Q. Let me take you back to, let's say, November of 1995 when Jeff Wigand testifies. He is under possible threat of arrest in Kentucky.

Scruggs: Yes.

Q. And you are being sued. Did you ever worry about that was going on?

Scruggs: Sure. But when you are in the middle of combat like that with people like we were fighting, all your thoughts are to whip--to beating them. We were going to beat them, no matter what the cost.

I mean it was one of these things that becomes a cause, a crusade. You are inspired to do it, regardless of the risk. You feel that there is so much justice in the cause that you are willing to take those sorts of risks to get what you consider to be a proper result.

Obviously Jeff Wigand felt that. Obviously Merrell Williams felt it. And all of the lawyers an the Attorney General felt that that's what, we were on a crusade.

Q. Didn't your wife, didn't your brother-in-law, didn't somebody come to you and say, what are you doing?

Scruggs: No. My wife was incredibly supportive throughout this. My brother-in-law had nothing to say or do about this. We didn't discuss it.

Q. But he did encourage you, at one point, to get into discussions with the tobacco industry.

Scruggs: Actually that is, it was the other way around. After the first Liggett settlement, this would have been in April of 1996, I read in the newspaper where the, where Steve Goldstone from. the CEO of R. J. Reynolds, when asked would R. J. Reynolds ever settle, like Liggett just did, responded, "We would be interested in a comprehensive resolution but not a piecemeal series of settlements."

It dawned on me then that there may be room to open up a dialogue to resolve these issues.

Q. Were the stakes now high enough so neither side could afford to lose.

Scruggs: The stakes were getting up to the point where neither side could afford to lose. And this was the first signal, or overture from the industry proper, not just a dissident like LeBow, but from a mainstream large tobacco industry, R. J. Reynolds, one of the target defendants in the case, that they were willing to consider a compromise.

I called Mike Moore. I said, "Mike I have got an idea that if, that I'd like to call Trent and see if he would be willing to try to broker a meeting with the industry, based on what Feldstone had said in the press." Mike said, "Okay, give it a try."
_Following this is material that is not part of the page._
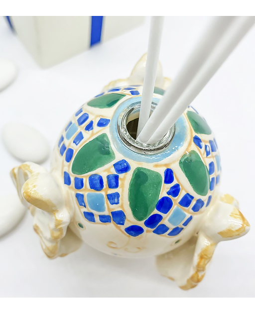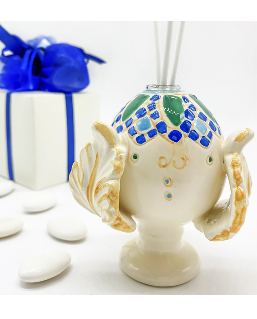 Profumatore pumo pugliese realizzate in porcellana finissima decorata con una fantasia blu e verde su base crema.

So I called Trent and I said, "Trent, you haven't been involved in any of this. You are probably considered to be tobacco friendly by the tobacco industry. You are someone that they would probably trust. You are someone that I would trust. Would you like to... Would you consider trying to set up a meeting to see if anything can be worked out on a national basis?"

Q. You are claiming that your main motivation here was the public health, doing something good and through all of this your brother-in-law is the majority leader of the Senate, one of the most powerful Republicans in the United States. And you never went to him? You never talked to him. And he never talked to you? You are in the headlines every day, you are killing his political party.

Scruggs: At the time, in early 1996, he was not the majority leader. In fact I think at the time he was not even the assistant majority leader. He was just a United States Senator. Not that I am belittling being a United States Senator.

Q. There were risks involved here that weren't normal to a regular law suit. This wasn't just a risk to the overhead of your law office by putting too much money into a case. What were the risks to you back then?

Scruggs: There was a risk of, I think, public humiliation was the worst one. If you are unsuccessful after taking on a task like this. Financial ruin. Discreditation, professionally. The wear and tear it puts on your family to read unfavorable things in the newspaper every day when you are not used to--not only not used to publicity, you are not used to national adverse publicity. Those sorts of things.